───── Material provided ─────

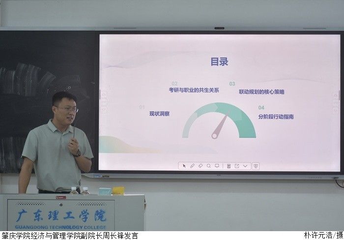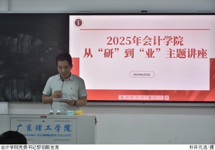 本网讯(3044永利集团官网新闻中心 邓晓君)为助力学生突破考研瓶颈、规划职业发展路径。2025年6月3日下午,3044永利集团官网在7栋211教室举办从“研”到“业”主题讲座。本次讲座特邀肇庆学院经济与管理学院副院长周长锋博士主讲,3044永利集团官网党委书记黎伯毅、学生第三党支部书记刘涛及师生代表120人参加。
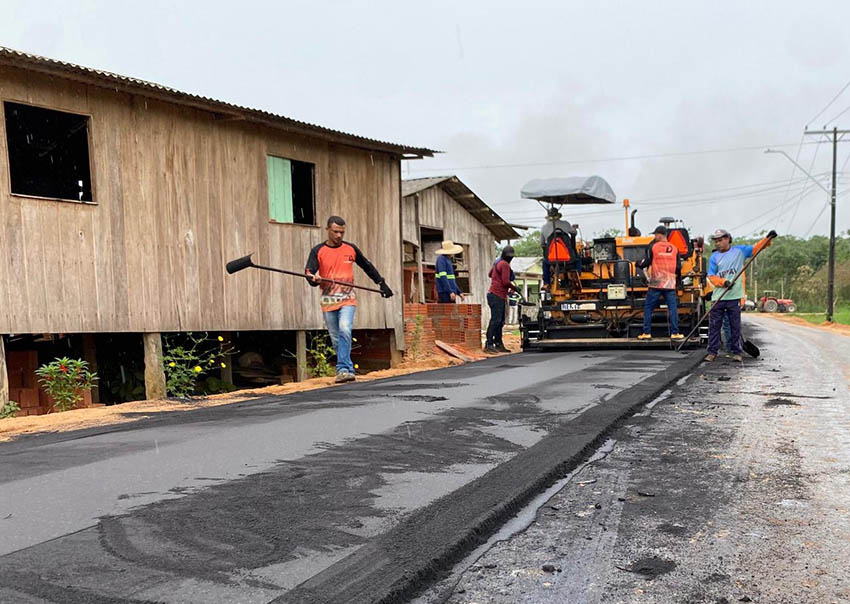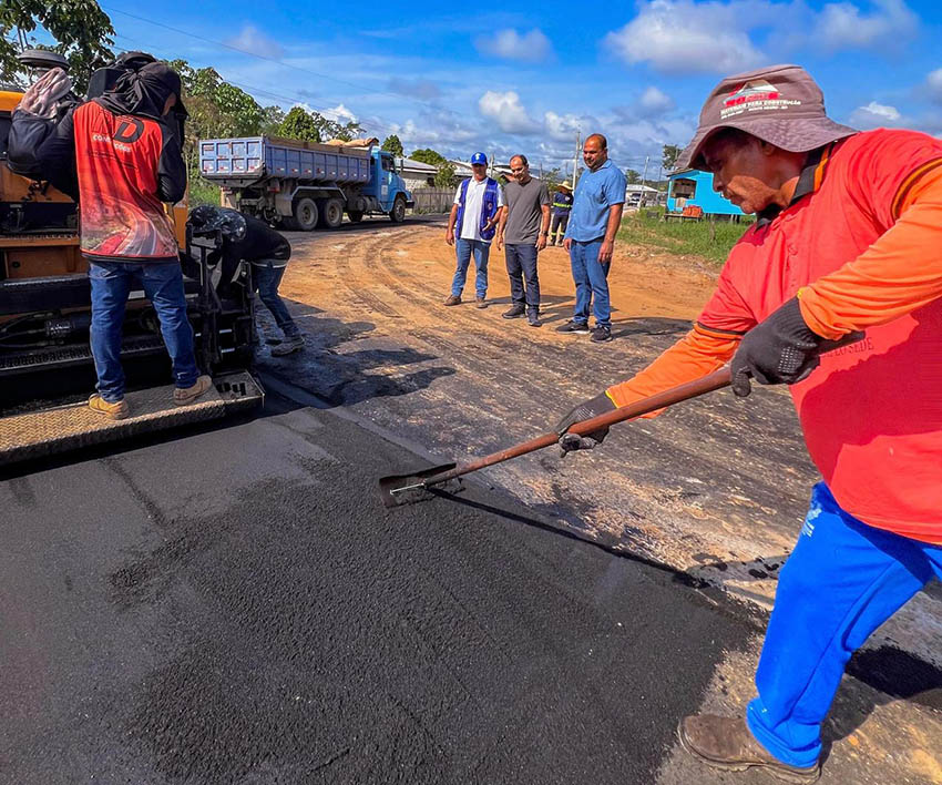Entre as obras em destaque, está o asfaltamento do ramal da Gazin, localizado no bairro Miritizal, onde são aplicados cerca de 500 toneladas de asfalto ao longo de 1,7 quilômetro.
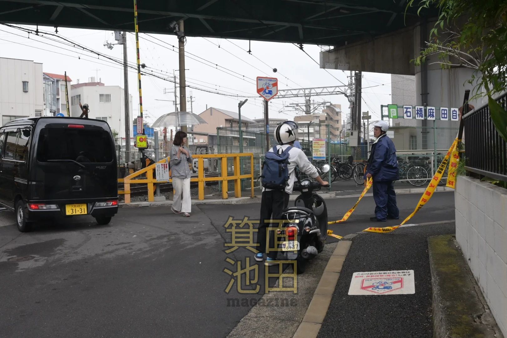 阪急箕面線北東の踏切付近を移動中、ものすごい勢いでパトカーが現地にやってきました。
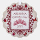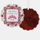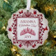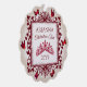 Fluttering red butterflies tree ornament is versatile for beige, burgundy and ruby red theme colors. Butterflies and gemstone tiara can easily be resized and repositioned on this Christmas ornament. Say congratulations with a burgundy red princess design. Decorative, leafy border beautifully surrounds your message.
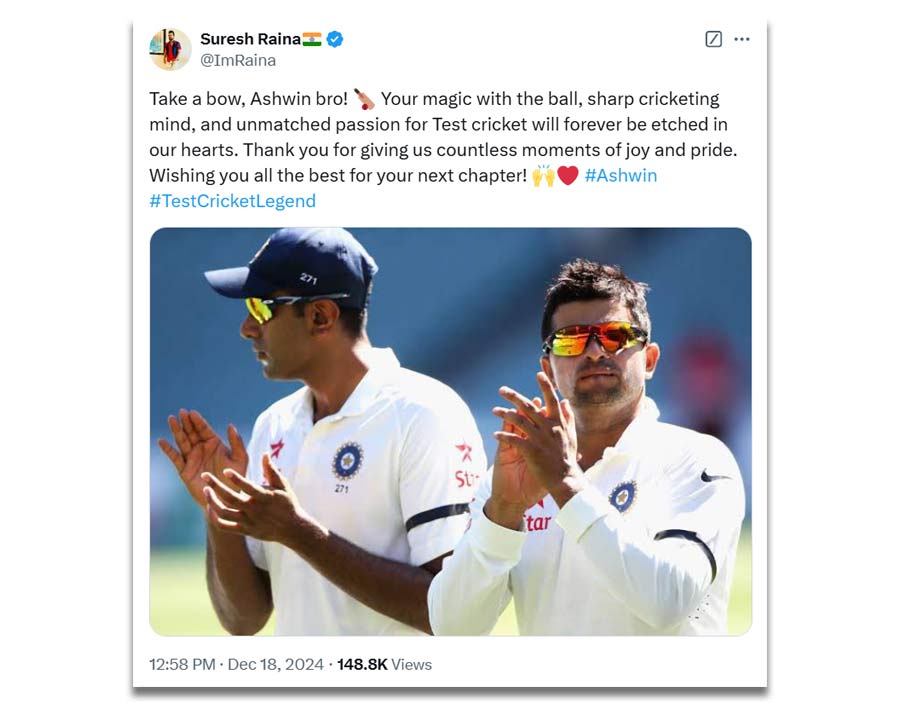 Suresh Raina paid a tribute to his Indian and CSK teammate and wrote on X, "Take a bow, Ashwin! Your magic with the ball, sharp cricketing mind, and unmatched passion for Test cricket will forever be etched in our hearts. Thank you for giving us countless moments of joy and pride. Wishing you all the best for your next chapter!"
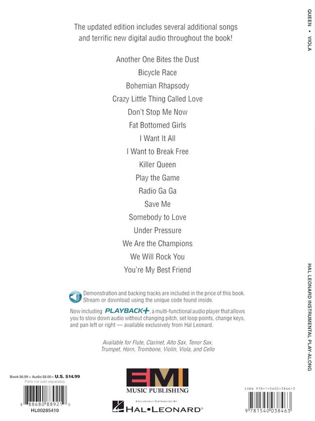 Solo instrumental arrangements with audio accompaniment for 17 songs from this seminal band: Another One Bites the Dust · Bohemian Rhapsody · Crazy Little Thing Called Love · Fat Bottomed Girls · Killer Queen · Radio Ga Ga · Somebody to Love · Under Pressure · We Are the Champions · We Will Rock You · You’re My Best Friend · and more. The audio is accessed online using the unique code inside each book and can be streamed or downloaded. The audio files include PLAYBACK+, a multi-functional audio player that allows you to slow down audio without changing pitch, set loop points, change keys, and pan left or right.
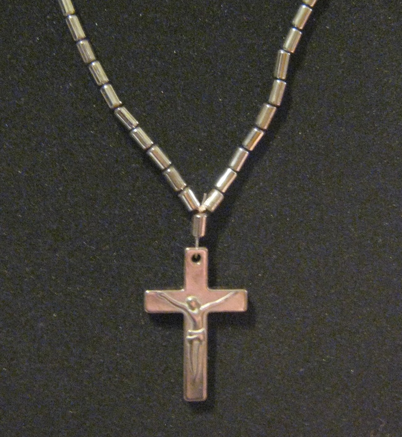 A hemalyke crucifix pendant hangs from a hemalyke drum bead necklace, finished with a silver plated steel twist barrel clasp.

─────

Exercise objective >>
The stretch to restate runs from the line above containing "阪急箕面線北東の踏切付近を移" through the line containing "Suresh Raina paid". Copy it word for word, ends included, without pictures.

Answer for the task >>
 阪急箕面線北東の踏切付近を移動中、ものすごい勢いでパトカーが現地にやってきました。
 Fluttering red butterflies tree ornament is versatile for beige, burgundy and ruby red theme colors. Butterflies and gemstone tiara can easily be resized and repositioned on this Christmas ornament. Say congratulations with a burgundy red princess design. Decorative, leafy border beautifully surrounds your message.
 Suresh Raina paid a tribute to his Indian and CSK teammate and wrote on X, "Take a bow, Ashwin! Your magic with the ball, sharp cricketing mind, and unmatched passion for Test cricket will forever be etched in our hearts. Thank you for giving us countless moments of joy and pride. Wishing you all the best for your next chapter!"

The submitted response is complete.